#372 首の皮一枚

心の支えだった友人Aが新人練脱落。僕は翌日から一人で新人練に臨まなければならなかった。自宅に帰ってから母に弱音を吐き、学校でも同級生に弱音を吐いた。
その時、母は頑張りなさいとは言わなかった。僕は母に励まして欲しかったのかもしれない。
「辞める辞めないは貴方の自由。ただ、1つ言える事は今辛くて辞めたら、今後辛いことがあるとその都度逃げる様になる。逃げ癖がつく。自分で良く考えなさい。」
この一言は僕の心に深く突き刺さった。そして母に言われた言葉を良く噛み締めて考えた。
母の言う事は最もだと思った。僕は今一度気を引き締めて、新人練に臨む決意をした。志半ば無念の脱落となった友人Aも僕が諦める事は望まないだろう。2浪までして合格した上で挑戦した新人練。1週間もせず脱落。

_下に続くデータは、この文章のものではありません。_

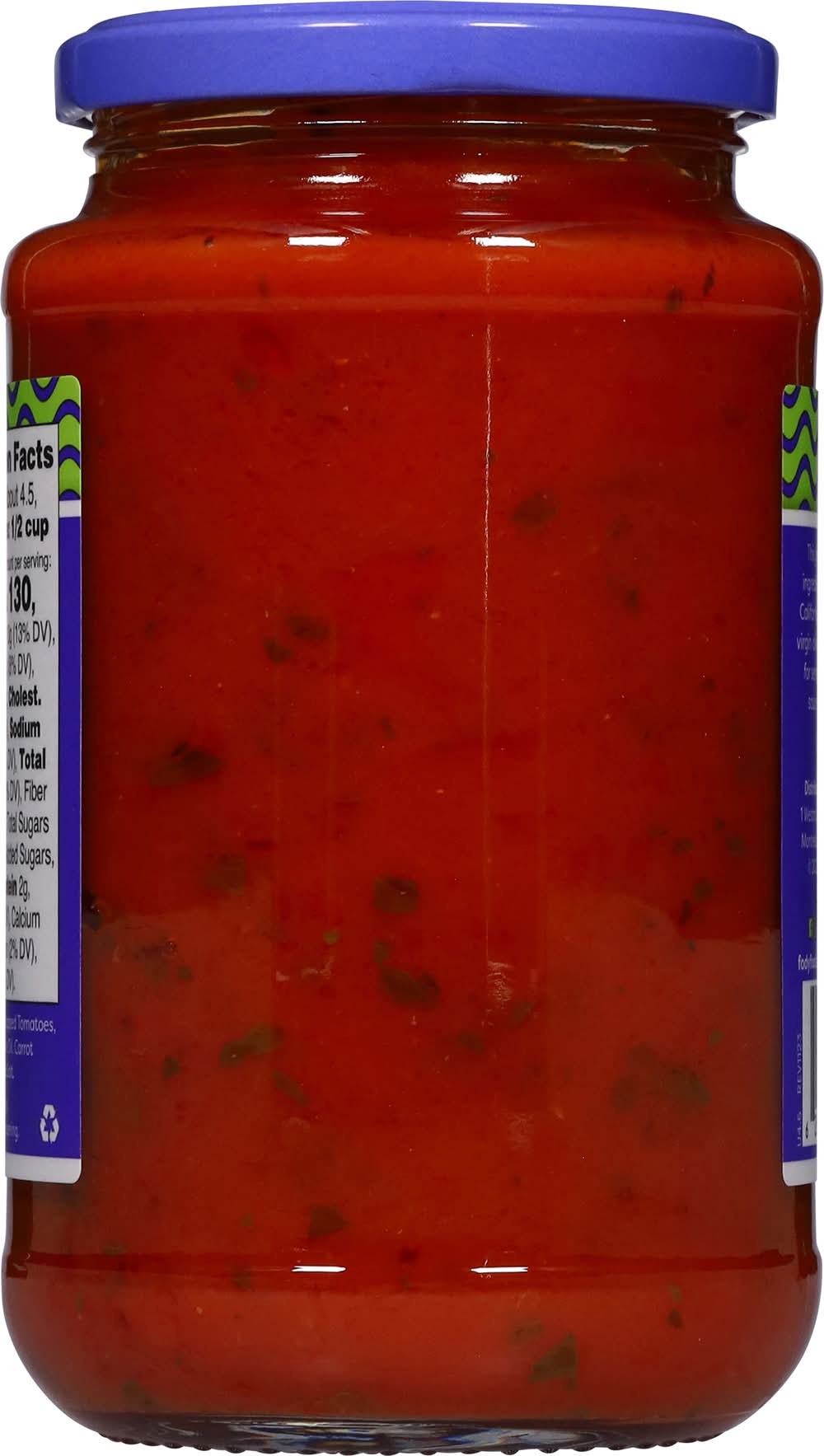 Gluten free. Certified vegan. Vegan.org. No added sugar (Not a low calorie food. See nutrition facts for sugar and calorie content). Non-GMO Project verified. nongmoproject.org. No onion! No garlic! Bloat free. This jar contains only real ingredients like vine-ripened California tomatoes and extra virgin olive oil. Specially crafted for sensitive stomachs, it's a sauce to be loved by all. Packaging: Reusable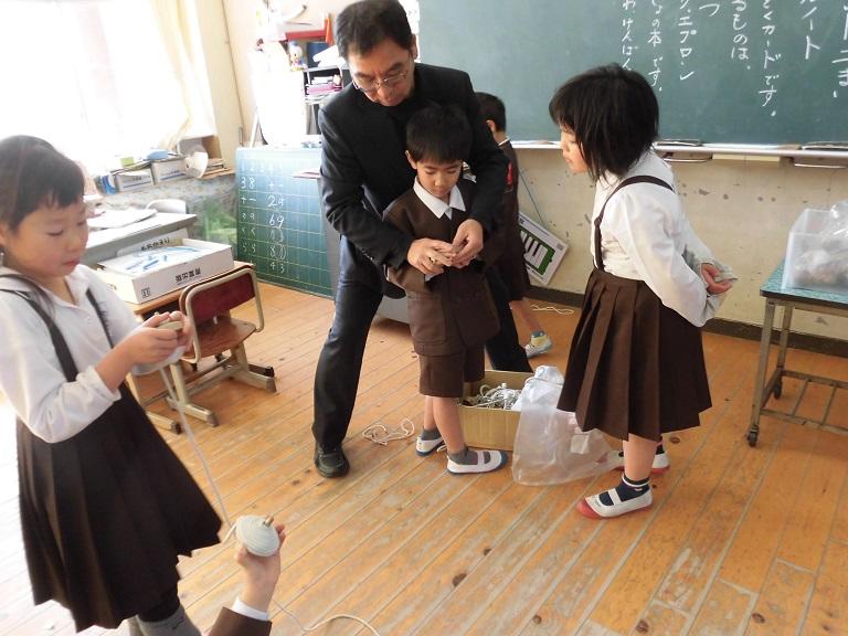 フェンス工事のためブランコが取り外してあり、遊ぶことができませんでした。先週末工事検査が終了し、今日の昼休み、校長先生がブランコを設置して下さいました。

考えに考えて2回目のチャレンジをした新人練。念願の入部まであと少しのところに辿り着いていながら、諦めようとしていた弱い自分。
母の言葉でぎりぎり折れかけた心が再度繋がった。
その後の新人練は厳しいものだったが、受かる迄やり抜く覚悟で乗り切った。新人練の最後の方はようやく人数が絞り切れた為、少し練習の厳しさが軟化した。元監督のOBが新人練の終盤を見てくれ、優しい言葉を掛けてくれた。新人練の終わりが近いことを感じれた。

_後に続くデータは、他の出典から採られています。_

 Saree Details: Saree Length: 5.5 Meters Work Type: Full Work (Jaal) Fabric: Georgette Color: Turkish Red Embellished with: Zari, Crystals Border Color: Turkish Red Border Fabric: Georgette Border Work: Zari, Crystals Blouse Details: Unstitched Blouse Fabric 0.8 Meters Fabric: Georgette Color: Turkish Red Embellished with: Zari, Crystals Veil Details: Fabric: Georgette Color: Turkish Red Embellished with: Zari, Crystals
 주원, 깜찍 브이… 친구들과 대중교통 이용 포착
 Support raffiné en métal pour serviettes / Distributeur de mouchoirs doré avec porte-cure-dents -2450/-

友人Aが脱落してから約1週間後、新人練を乗り越え、ようやく入部が叶った。
僕は何とか最後の約40人に入ることができた。
入部が決まると週末に入部式が行われる、2年生との試合が行われる。
その日が1年生にとって正式に入部が認められる日となる。
入部式までの数日間は試合に向け、チームを編成しラグビーらしい練習が行われた。僕は14番右ウィングとして試合に出る事になった。
新人練が終わると、それまで口を利いた事にない同期とも話す様になった。
現役で入学した者たちと浪人組との間に隔たりの様なものはあった。
中には高校ラグビー部の先輩が同期になった者もいた。